Step S3 specifically includes: the method comprises the steps of training a pre-training model obtained by using a VGG16 model, loading parameters, inputting data, obtaining 5 layers of feature output except a full connection layer, using a group of encoding blocks with different dimensions, collecting image features with different sizes respectively, and recording the image features as F ═ F respectively_i|i＝1,2,3,4,5}；

In order to reduce the feature channels and the calculation amount, a channel pooling layer is added at the top of each feature map so that information can be transmitted through different channels, and the channel pooling layer is specifically defined as follows:

Emebdding_i＝cp(E_i) (3)

wherein j and K are integers, i ∈ [1,5 ]]Index values representing each feature map, p (x) represents a channel pooling operation,

then represents the second of the feature map X

Channels, while the pooling layer collects each

Maximum value of channel, where N and M are respectively expressedShowing an input channel and an output channel.
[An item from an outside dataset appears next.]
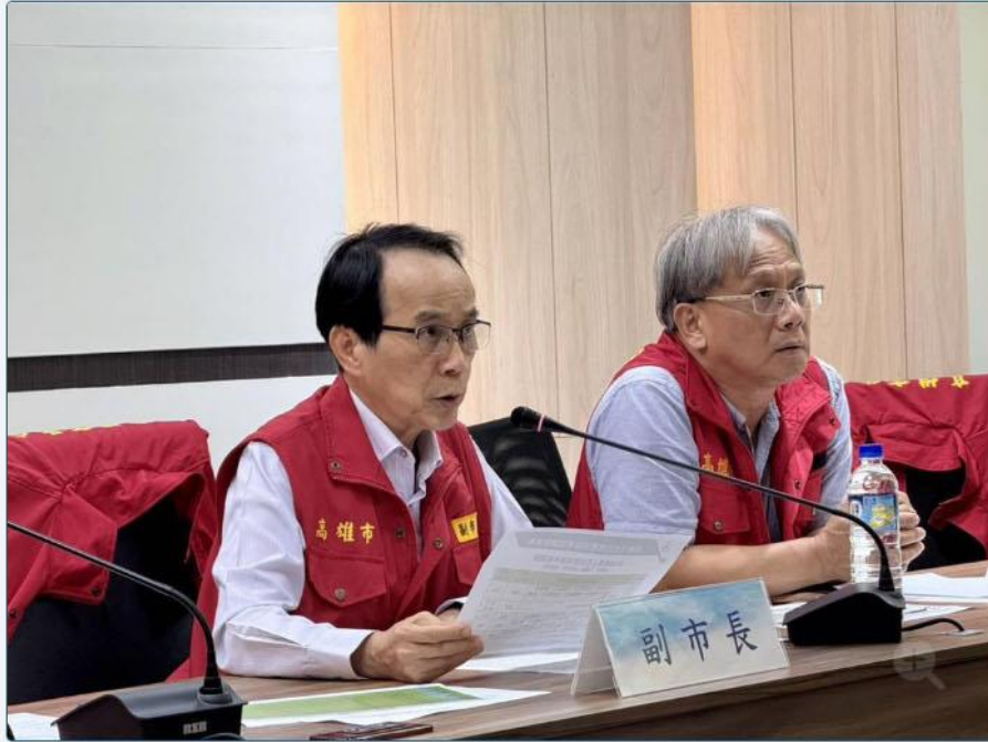
高雄市政府副市長林欽榮今（12）日前往水情中心聽取簡報，掌握防颱整備情形。

面對楊柳颱風來勢洶洶，高雄市政府副市長林欽榮今（12）日前往水情中心聽取簡報，掌握防颱整備情形。他指示山區實施預防性撤離，並參酌0728豪雨事件經驗，針對非土石流保全戶但因災情需撤離者，同時提醒各地須嚴防沿海低窪地區海水倒灌。

Step S5 specifically includes: each feature fusion module comprises two branches, namely a main branch and a contour branch, each branch is additionally provided with a corresponding new branch and is supervised by a main graph and a contour graph respectively, then the obtained features are superposed and fused, and the obtained new features are input into the opposite main branch by different new branches for feature fusion. The final output is mainly a significant target, so that a main branch is mainly used, the result is input into the next feature fusion module, and the modules can be superposed, and the method comprises the following specific steps:

and S51, for each feature fusion module, adding two data, wherein two input sources are respectively output from a feature output layer corresponding to the encoder and a module in the previous layer. For the first feature fusion module of the main body graph, since there is no input feature from the previous layer module, the 5 th layer output in the encoder is used as the input of the previous layer decoder, wherein the branch intermediate connection is implemented as follows:

wherein A is_iAnd B_iRespectively representing the body branch and the profile branch, conv representing the convolution operation, the subscript of conv representing the corresponding branch, P_i ^AAnd P_i ^BRepresents a prediction of the relevant task, wherein additional supervision is added.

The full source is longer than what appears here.